Excerpts from a dataset
#####

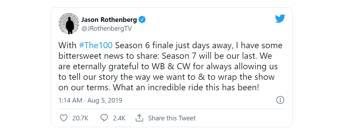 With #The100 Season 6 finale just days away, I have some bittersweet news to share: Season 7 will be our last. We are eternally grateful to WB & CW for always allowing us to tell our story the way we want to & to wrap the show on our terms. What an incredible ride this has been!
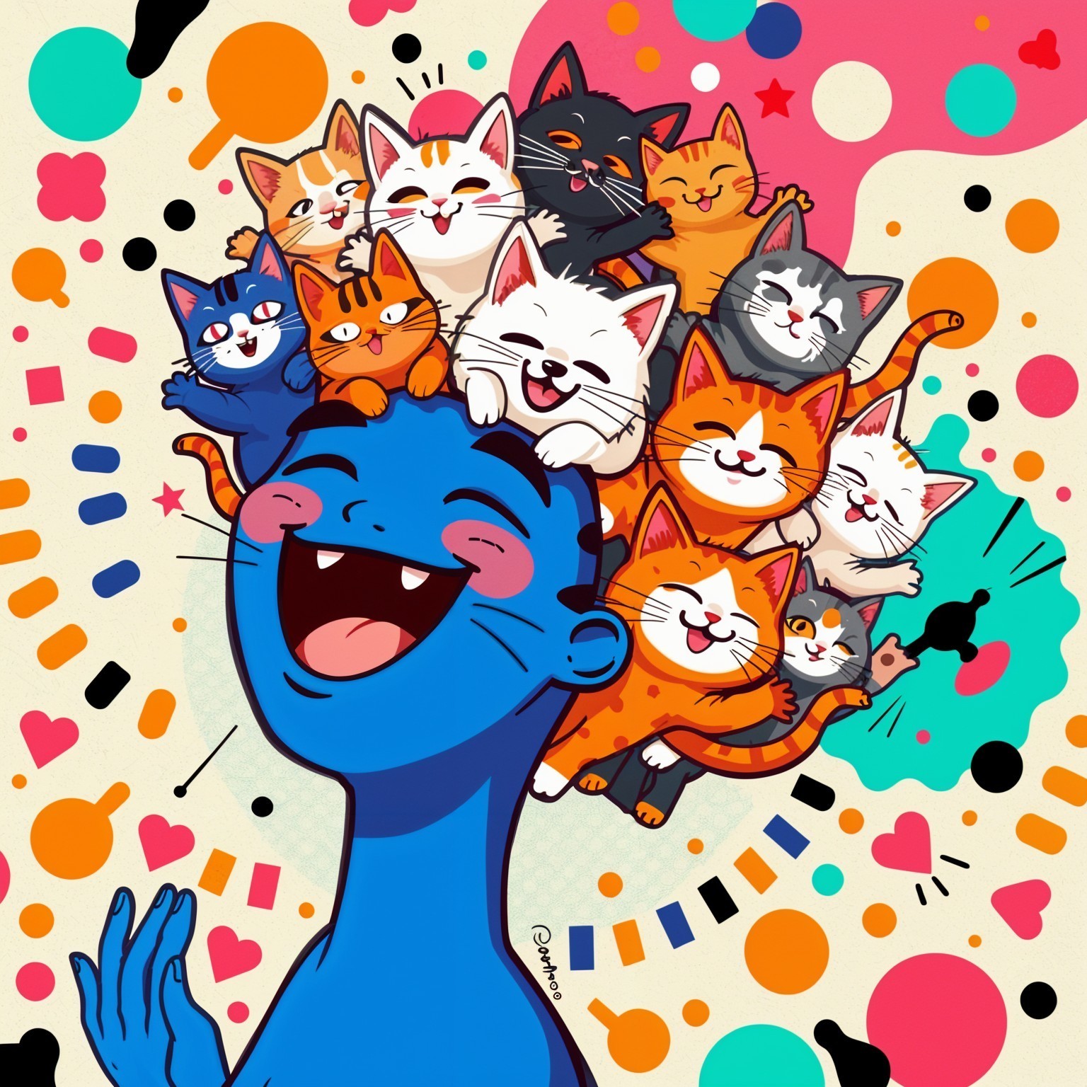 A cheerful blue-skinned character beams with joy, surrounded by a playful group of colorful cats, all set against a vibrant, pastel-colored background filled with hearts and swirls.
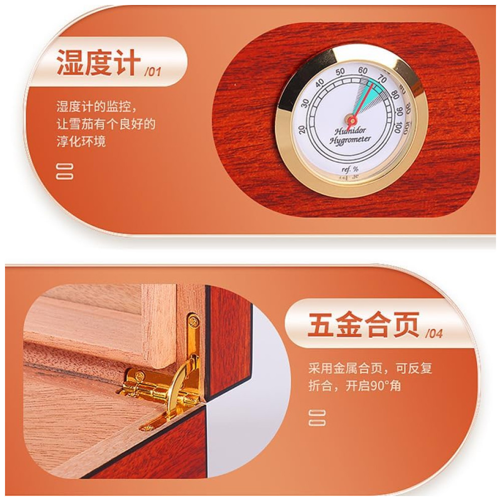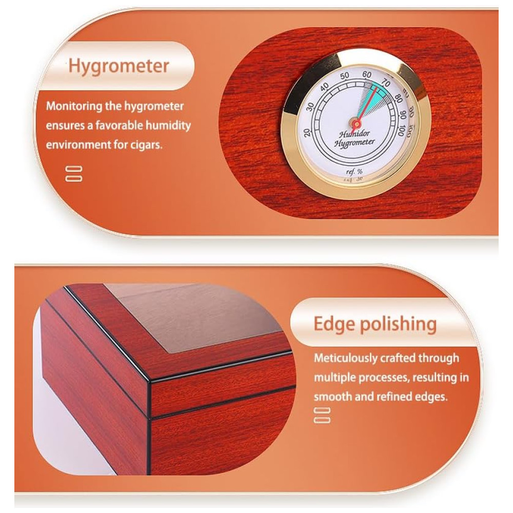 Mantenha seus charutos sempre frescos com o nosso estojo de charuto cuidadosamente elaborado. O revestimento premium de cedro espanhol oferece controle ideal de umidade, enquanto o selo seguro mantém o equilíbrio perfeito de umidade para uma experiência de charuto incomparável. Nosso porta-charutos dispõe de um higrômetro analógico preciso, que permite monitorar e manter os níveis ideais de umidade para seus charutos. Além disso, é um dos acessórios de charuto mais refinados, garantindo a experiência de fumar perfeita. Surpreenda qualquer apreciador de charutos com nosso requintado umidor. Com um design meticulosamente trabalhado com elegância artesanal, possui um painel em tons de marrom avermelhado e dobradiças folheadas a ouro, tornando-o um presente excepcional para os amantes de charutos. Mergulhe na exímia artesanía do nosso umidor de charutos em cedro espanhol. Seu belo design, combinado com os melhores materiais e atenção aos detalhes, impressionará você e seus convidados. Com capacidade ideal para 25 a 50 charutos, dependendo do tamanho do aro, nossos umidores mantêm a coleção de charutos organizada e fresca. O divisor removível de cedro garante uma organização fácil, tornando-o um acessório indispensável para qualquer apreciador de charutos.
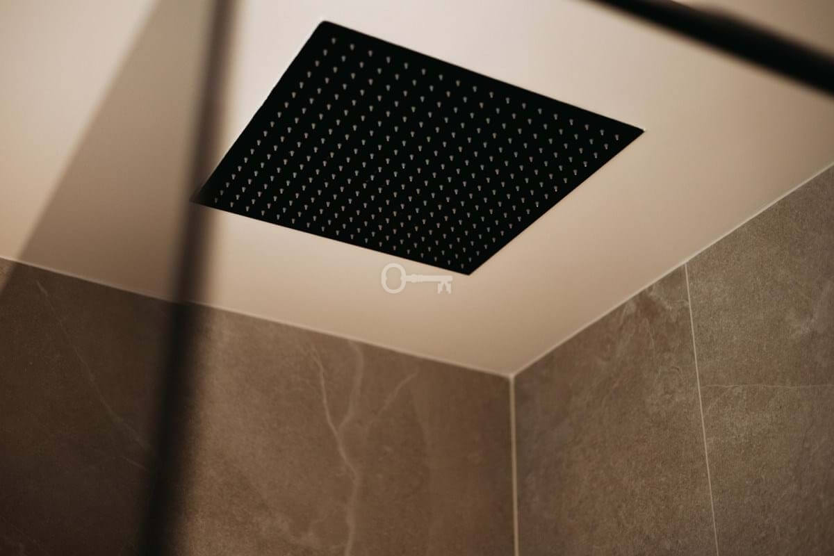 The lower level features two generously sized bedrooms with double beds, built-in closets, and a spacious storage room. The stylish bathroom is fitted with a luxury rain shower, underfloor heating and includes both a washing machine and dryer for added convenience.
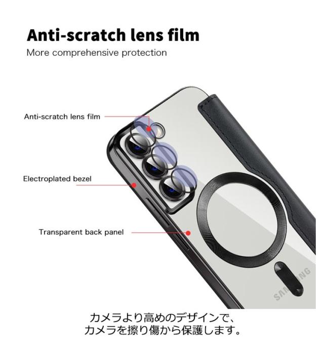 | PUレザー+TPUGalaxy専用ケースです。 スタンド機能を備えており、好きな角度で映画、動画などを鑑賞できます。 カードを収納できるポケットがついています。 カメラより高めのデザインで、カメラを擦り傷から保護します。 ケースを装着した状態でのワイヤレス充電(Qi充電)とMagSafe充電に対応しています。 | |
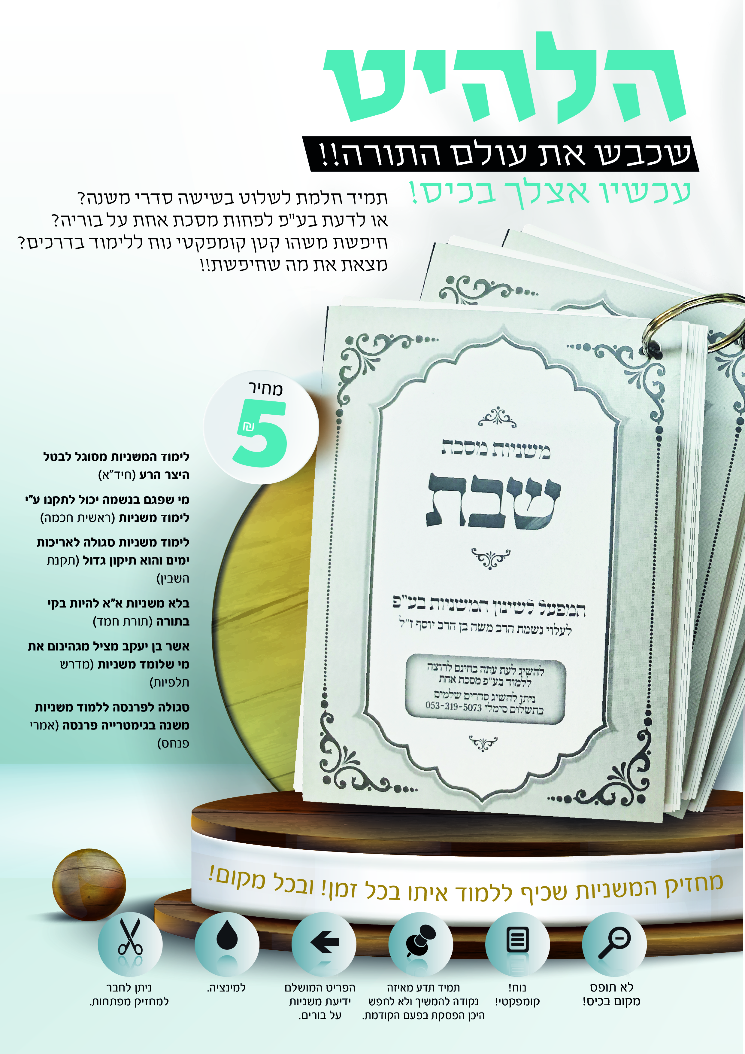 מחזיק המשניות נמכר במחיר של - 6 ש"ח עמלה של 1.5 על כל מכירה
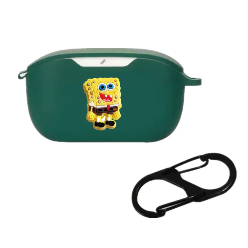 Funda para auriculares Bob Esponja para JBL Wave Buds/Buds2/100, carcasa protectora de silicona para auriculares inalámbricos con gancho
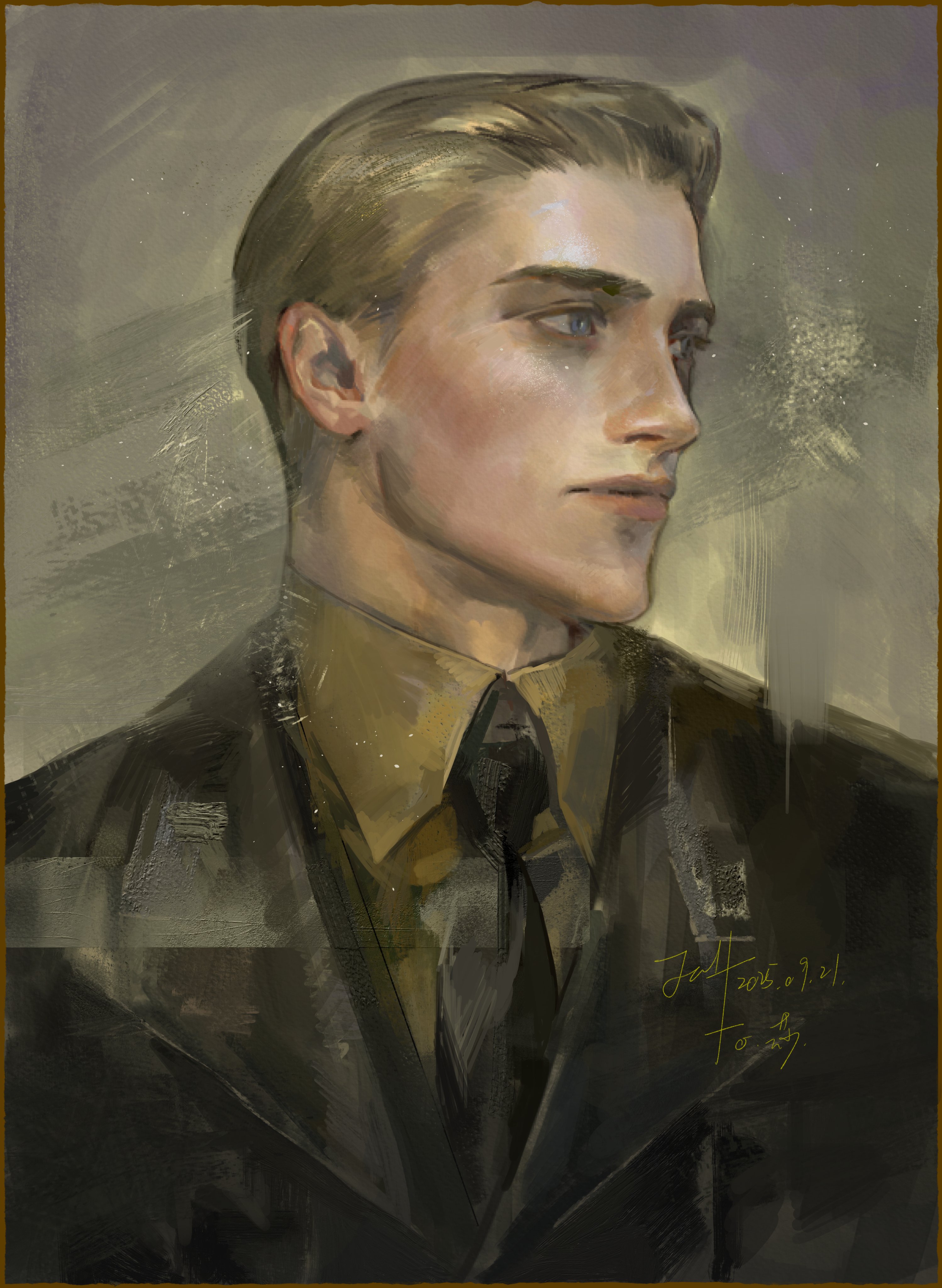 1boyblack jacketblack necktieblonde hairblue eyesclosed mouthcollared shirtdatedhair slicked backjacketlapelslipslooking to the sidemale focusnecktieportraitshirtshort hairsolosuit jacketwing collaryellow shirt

#####

Exercise brief - Set down exactly and only the lines from the start of the entries above through the line containing "A cheerful blue-skinned", both ends included, omitting the pictures.

Task response -
 With #The100 Season 6 finale just days away, I have some bittersweet news to share: Season 7 will be our last. We are eternally grateful to WB & CW for always allowing us to tell our story the way we want to & to wrap the show on our terms. What an incredible ride this has been!
 A cheerful blue-skinned character beams with joy, surrounded by a playful group of colorful cats, all set against a vibrant, pastel-colored background filled with hearts and swirls.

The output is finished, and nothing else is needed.